Ao longo do seu trabalho leram milhares de páginas de documentos internos da empresa, de sentenças judiciais e relatórios de especialistas, entrevistaram dezenas de empregados atuais e ex-trabalhadores e de sobreviventes de violência sexual e testaram as diferentes aplicações do Match Group.

Dos testes feitos resultou, por exemplo, que utilizadores banidos podem facilmente voltar à aplicação ou entrar noutra do grupo, não disfarçando sequer muito: mantêm igual a maioria das informações pessoais. A partir de abril do ano passado, os investigadores criaram contas no Tinder que depois foram denunciadas por violência sexual. Estas foram banidas mas os investigadores conseguiram voltar a criar contas com o mesmo nome, data de nascimento e fotos de perfil pouco depois. O mesmo sobre as outras aplicações daquele universo empresarial: depois de banidas do Tinder inscreveram-se nelas com a mesma informação pessoal sem qualquer problema.

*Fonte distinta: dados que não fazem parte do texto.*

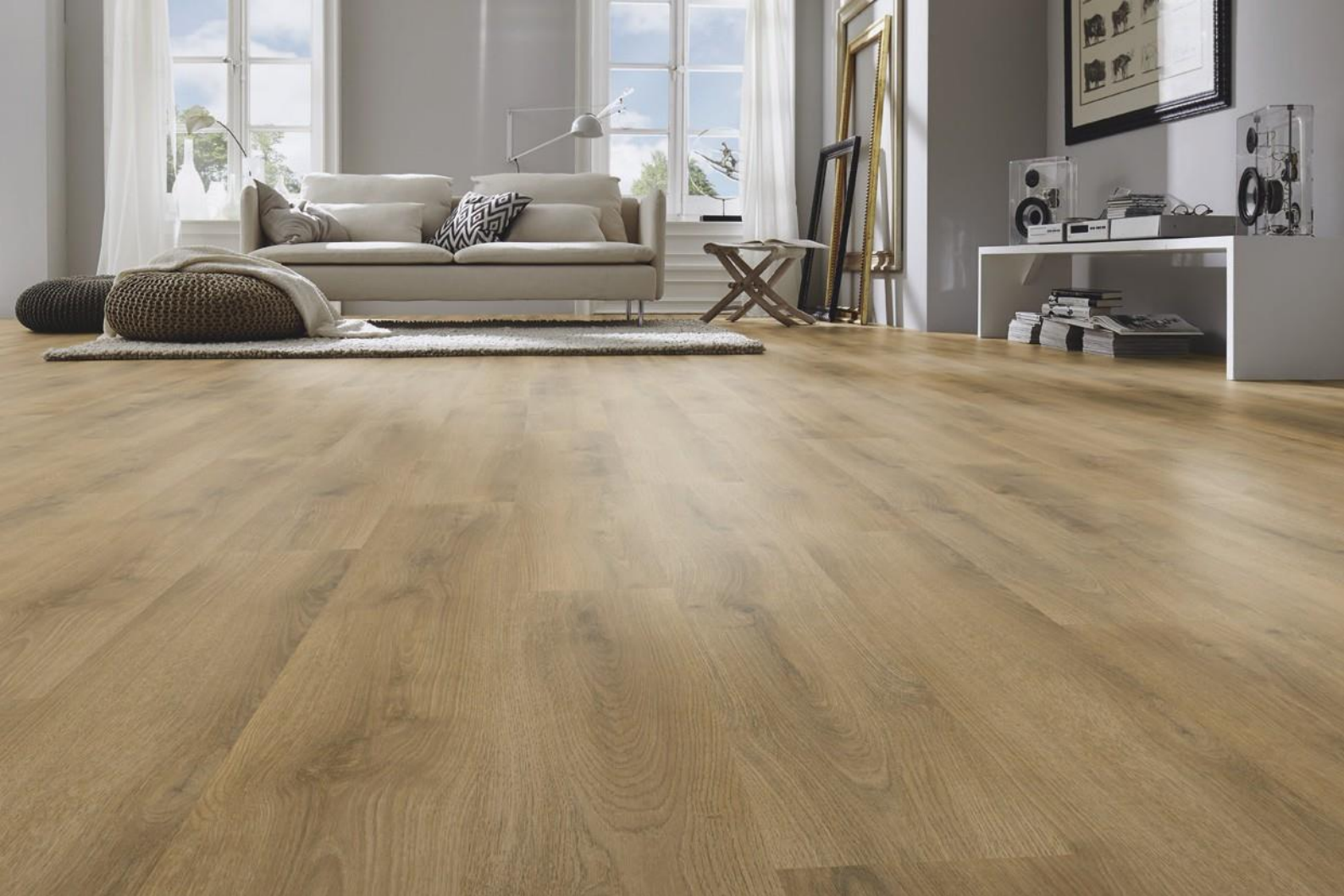
Elbe Oak – D3901
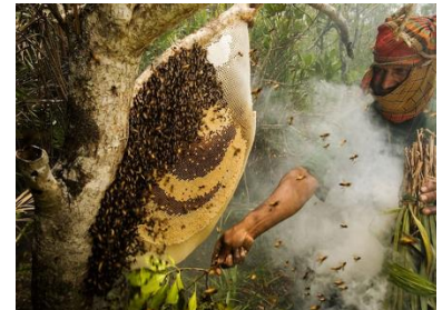
Fig. 1 Traditional method of Honey Harvesting

Presently, honey is extracted from honeycomb using tradition method. As shown in fig 1, the traditional method often involves squeezing of honeycomb leading to reduction in both nutritional value and quality; the unripe and capped honeycomb are collected at night, and the extraction is achieved by squeezing manually with the hand. It involves the use of bare hands with a knife to cut open the comb of the honey before extracting it into a container thereby damaging the honeycomb. The local procedures of using bare hands include the use of buckets or containers, match, dry leaves or palm kernel shaft, torch light, because the operation is done at night. After sitting the bee comb, put the dry leaves or palm kernel chaff on the caped comb and heat for few minutes to kill both the queen and the drones. Thereafter, an extracting knife is used to pull of the uncapped comb and then put inside the bucket or container. After the extraction, the honey is then taken home and pressed with the hands to separate the honey from the residue. The raw honey is filtered with a sieve to remove the remaining particles after this the honey is ready and fit for consumption [12].
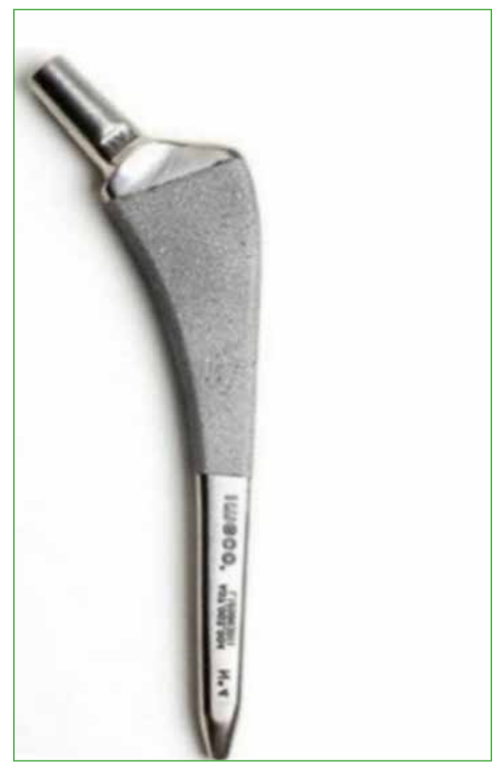
Figure 1. IMECO S.A. CEMENTFREE® stem.

We retrospectively evaluated total hip replacements performed between January 2015 and August 2020. All patients were implanted with the IMECO S.A. CEMENTFREE® femoral stem (Figure 1).
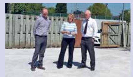
Thank you from everyone at the Peace Centre
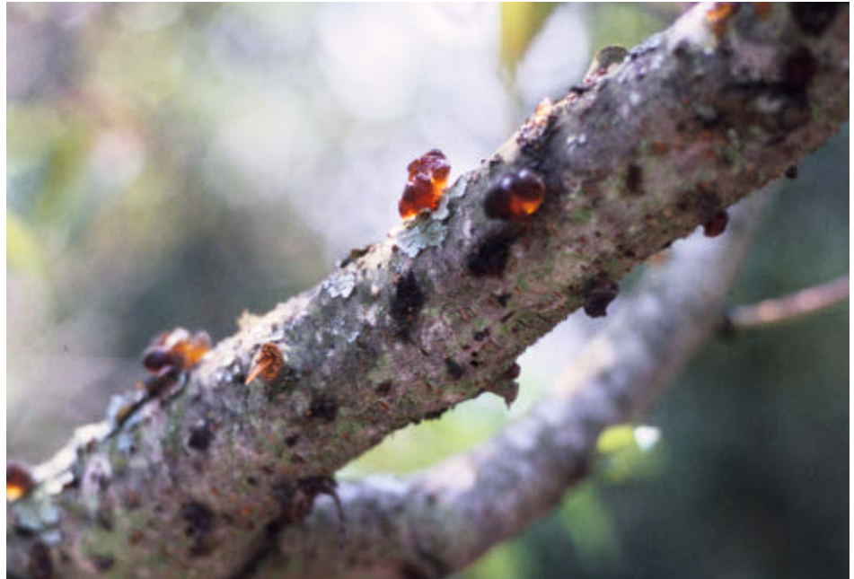
Figure 6. Gum exudation (gummosis) on a Botryosphaeria -diseased peach branch.
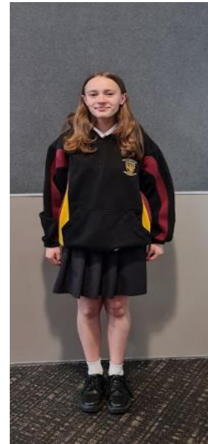
School hoodie, skirt Plain white socks Plain black shoes
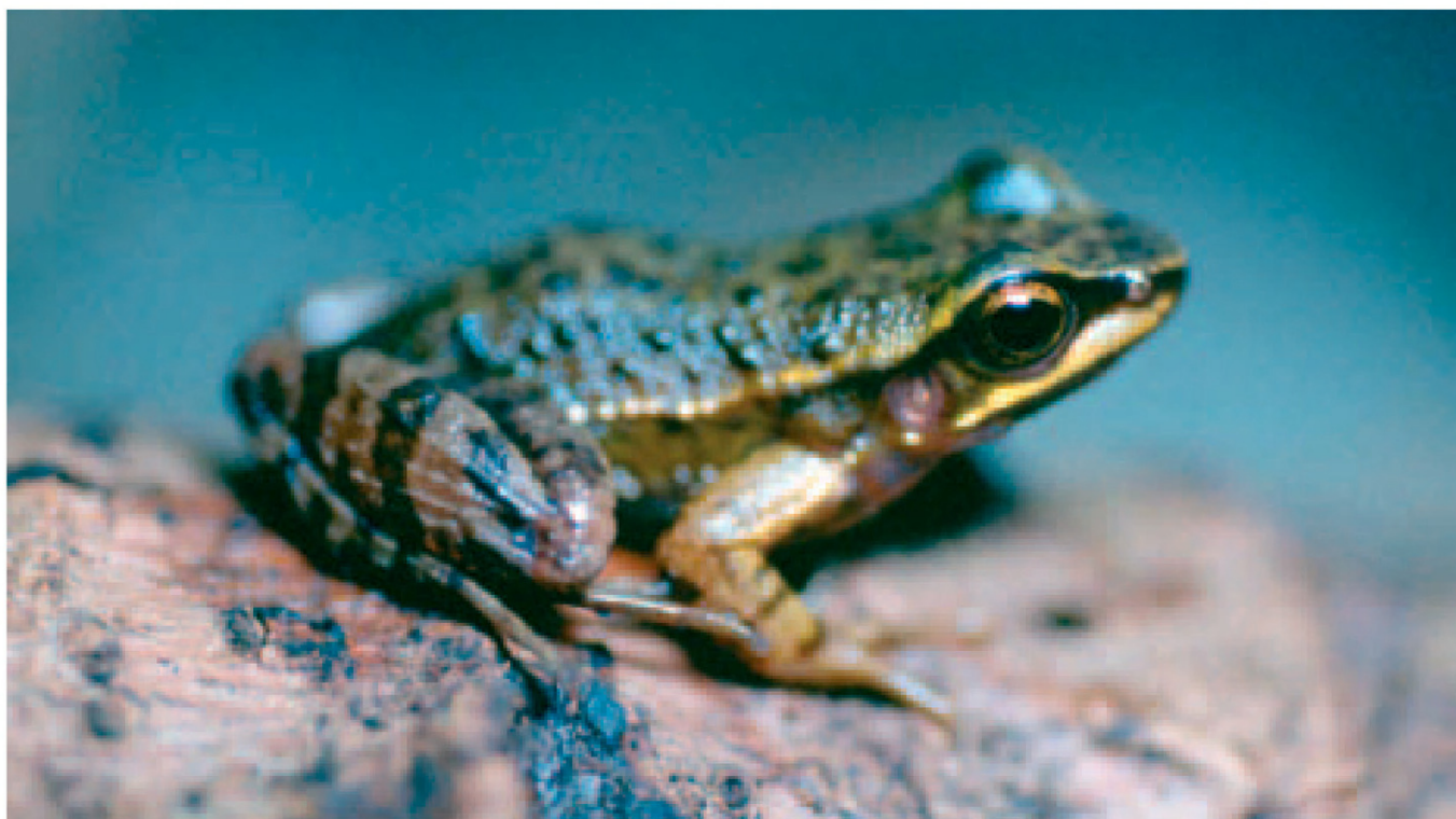
Figure 1. Adult male of Hylodes magalhaesi . Municipality of Camanducaia, State of Minas Gerais, Brazil. DOI: 10.1514/journal.arc.0040017g001

January 2002). A collecting permit was provided by Instituto Brasileiro do Meio Ambiente e dos Recursos Naturais Renováveis (IBAMA 02001.002792/98-03).
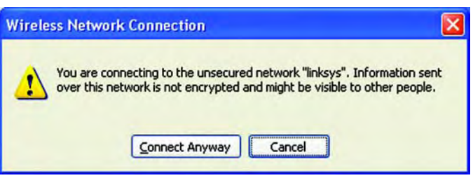
Figure B-5: No Wireless Security

3. If your network does not have wireless security enabled, click the Connect Anyway button to connect the Adapter to your network.
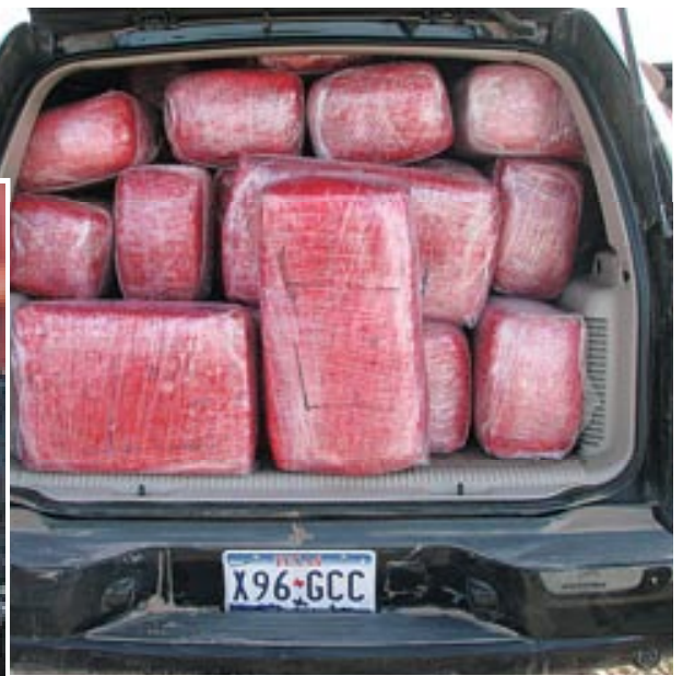
BUSTED (Left) Alfredo Beltrán Leyva, a top deputy in the Sinaloa cartel, during his arrest in January. (Above) Marijuana seized near the border in Hudspeth County, Texas, in January 2006.

Tudo isto apesar de o sistema de segurança chamado Sentinel registar número de telefone, e-mail, endereço de IP, fotos e data de nascimento das pessoas denunciadas. Só que para além de se encontrarem em muitos fóruns online os passos mais fáceis para voltar a usar as plataformas depois de ser banido, os documentos internos mostram que afinal todas aquelas informações não eram usadas para bloquear a pessoa se se registasse com a mesma informação noutras aplicações do grupo. As investigadoras sublinham que não utilizaram nenhuma técnica que exigisse conhecimentos informáticos mais avançados. E reiteram que a empresa “sabe acerca de milhares de utilizadores abusivos”, “tem os dados que poderiam ajudar pessoas a evitar situações perigosas mas não os partilha, deixando milhões de pessoas no escuro”.

A dimensão do problema é potenciada pela posição dominante da empresa no mercado, sobretudo a ocidente. Para além da aplicação deste tipo mais popular do mundo, o Tinder, e do também já indicado Hinge, fazem parte dela outras duas aplicações bastante populares, OKCupid e Plenty of Fish. Ao todo, opera em 190 países, controla perto de metade do mercado de encontros e vale cerca de 8,5 mil milhões de dólares.